警備員の年収を徹底解説|給料・初任給手取り・賞与(ボーナス)・各種手当


警備員の仕事は人々の安全を守り、危険なことがあると率先して立ち向かわなければいけない大切な仕事です。

一言で警備員と言っても仕事の内容は幅広く、駐車場の警備、イベントの警備、現金輸送警備、SPという風に様々な警備の仕事があります。

では、警備員の年収はどの位なのでしょうか。

また、雇用体系別や年収を上げる方法など、警備員の給料事情を詳しく解説していきましょう。

警備員の平均年収は300万円が相場

厚生労働省の賃金構造基本統計調査によると警備員の平均年収はおおよそ301万円です。

この年収ベースは、一般の業種平均と比較するとあまり高くありません。

月収ベースで20万円、賞与は年2回で3ヶ月分の60万円前後といったところでしょう。

あわせて、男性と女性での年収の違いについて見てみましょう。

男性の平均年収は364万円、女性の平均年収は274万円と、100万円ちかい開きがあります。

警備員の仕事は肉体を使うことが多く、どうしても身体的に強い男性の方が向いている職業だと言われているためです。

同じ警備の仕事でも、一般警備員の平均年収の倍以上もの年収を貰っている職種もあります。
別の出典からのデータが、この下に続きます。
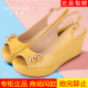 Daphne/达芙妮春夏单鞋 新品 坡跟甜美一字式扣带鱼嘴鞋 单鞋女春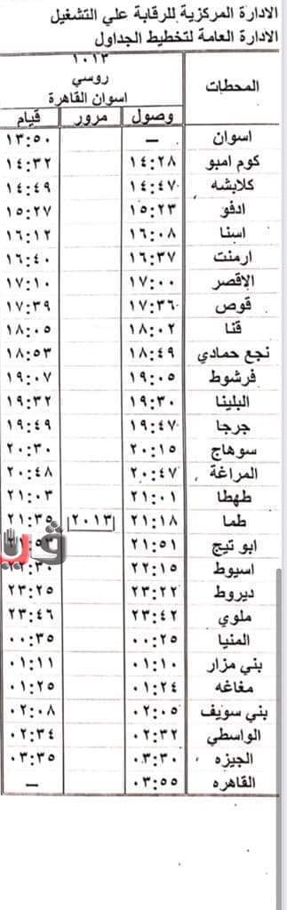 شغلت الهيئة القومية للسكك الحديدية بتشغيل عدد من القطارات الروسى الجديدة، وحصلت "فيتو" على قائمة بمواعيد القطارات المذكورة وخطوط سيرها.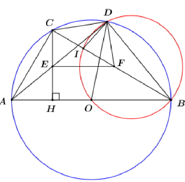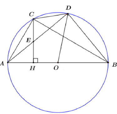 Cho tam giác ABC nội tiếp trong đường tròn tâm O đường kính AB. Trên cung nhỏ BC của đường tròn (O) lấy điểm D (không trùng với B và C). Gọi H là chân đường vuông góc kẻ từ C đến AB (H ∈ AB) và E là giao điểm của CH với AD.

要人警護やセレブのボディガードの仕事は非常に年収が高く、平均年収は813万円と高給です。

同じ警備という仕事の中でも、一般的な警備とSPなどの要人警護では年収に大きく差が出ることが分かります。

これは、要人警護の場合は、

  • 要人対象者に危険が及んだ場合、自分が盾となって体を張らなければいけない
  • セレブや要人の警備対象者が身に着けているものも高価なものが多く、要人対象者の身体とともにこのような高価な装飾品も守らなければいけない
  • 警備対象者は狙われる可能性が高く、もしも要人に何かあった場合には大きな問題となること

などの要因があるため、要人を守るだけのスキルや知識、経験が求められるためです。

しかし、一般的な警備会社が要人警護の仕事を請け負うのかと言われると、請け負うことはできません。
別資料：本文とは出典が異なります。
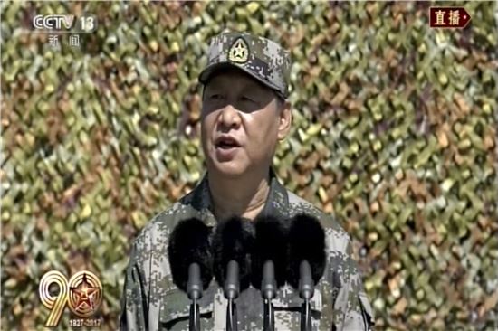 [아시아경제 이혜영 기자] 시진핑(習近平) 중국 국가 주석이 30일 네이멍구(內蒙古) 주르허(朱日和) 훈련기지에서 열린 건군 90주년 열병식에 얼룩무늬 전투복을 입고 참석해 연설하고 있다. 이날 시 주석은 인민해방군에 대한 당의 영도 원칙을 강조하고 영원히 당의 지시에따를 것을 주문했다. 시 주석은 또 "우리 군대는 모든 적을 이길 수 있고 국가 안보와 발전의 이익을 지킬 능력이 있다"고 강조했다.중국군은 이날 신형 대륙간탄도미사일(ICBM) 둥펑(東風·DF)-31AG 등을 포함한 신형 무기를 대거 공개했다. 열병식에는 총 1만여명의 병력과 129대의 항공기, 571대의 군 장비가 동원됐고 이 중 40%가 처음 공개된 장비였다. 이혜영 기자 itsme@asiae.co.kr<ⓒ세계를 보는 창 경제를 보는 눈, 아시아경제(www.asiae.co.kr) 무단전재 배포금지>

SPになりたいのであれば、まず公務員試験に合格して公務員にならなければいけません。

それだけではなく、以下の条件を満たさなければいけません。

  • 身長173cm以上
  • 柔道か剣道が3段以上
  • 拳銃の射撃が上級者
  • 英会話が必須

このような条件を満たさなければいけないので、公務員の中でもSPは狭き門だと言えます。
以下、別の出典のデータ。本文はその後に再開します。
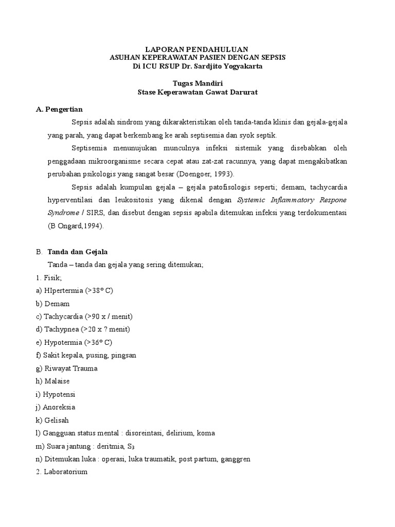 Laporan Pendahuluan Sepsis Di Icu Halaman / Dokumen

一般の警備員も同じように、なにかトラブルがあった場合には警備員自身が盾とならなければいけませんが、アルバイトが行っていることも多いのであまり年収は高くありません。

警備員の年収・給料の構成要素

次に、警備員の年収がどのような構成から成り立っているのかについて触れてみましょう。

警備員の年収は、「基本給」「能力給」「ボーナス」の構成で成り立っています。

警備員の仕事は、企業からの依頼があり派遣されて仕事をしますので、自分から仕事をとっていくという仕事内容ではありません。

自分達で売り上げを上げていくという営業的な仕事ではないために「歩合」というものはありません。

年ごとに年収が大きく変動するわけではありません。

ある程度平均した年収で推移します。

基本給・能力給などはどうなっているの?

警備の仕事での基本給は他の業種と似通っていて、特筆して変わっている点はありません。

平均月収が20万円で、各種手当の支給もあるので基本給は月額17万円程度が平均だと言われています。

一般的には、年齢や勤続年数などにより基本給は異なります。

警備会社ごとに独自の基本給評定表があり、それぞれの警備会社によって基本給は異なっているのが現状です。

基本給の差は、警備会社の規模や警備の内容によって全く異なります。

次に能力給は、文字通り警備という仕事に対する能力に対してそれぞれに異なる能力給が支給されます。

これもキャリアによって異なるのですが、月額1万円程度の会社が多いようです。

警備の仕事は、駐車場の整理やイベントの警備といったものから現金輸送警備といったものまで、幅広い警備を行わなければいけません。

勤続年数が長くなりキャリアを積んでくると、それだけ警備員として対応できる仕事が増えてきます。

そのため、キャリアを積むことによる能力のアップが能力給に反映されます。

キャリアが増え様々な警備の仕事を経験すると能力給にも反映しやすいので、基本給と能力給はセットで給料が伸びていく会社が一般的だと言えます。

他の業種と比較して、警備員の基本給はあまり高くありません。

これは、前述しましたが、アルバイトの時給と同等ベースで設定されている会社が多いからです。

いざとなったときに率先して体を張らなければいけないことを考えると、少し割に合わないと感じるかもしれません。

世界と比べても日本の治安は高くあまり危険なことが起こっていない現状なので、警備に対する意識が高くないことも要因の一つと言えます。

賞与(ボーナス)はどれくらい?

賞与の平均支給額は年2回で3ヶ月分の60万円前後だと前述しました。

しかし賞与に関しては、会社の規模や経営状況によって賞与が出る会社と出ない会社があります。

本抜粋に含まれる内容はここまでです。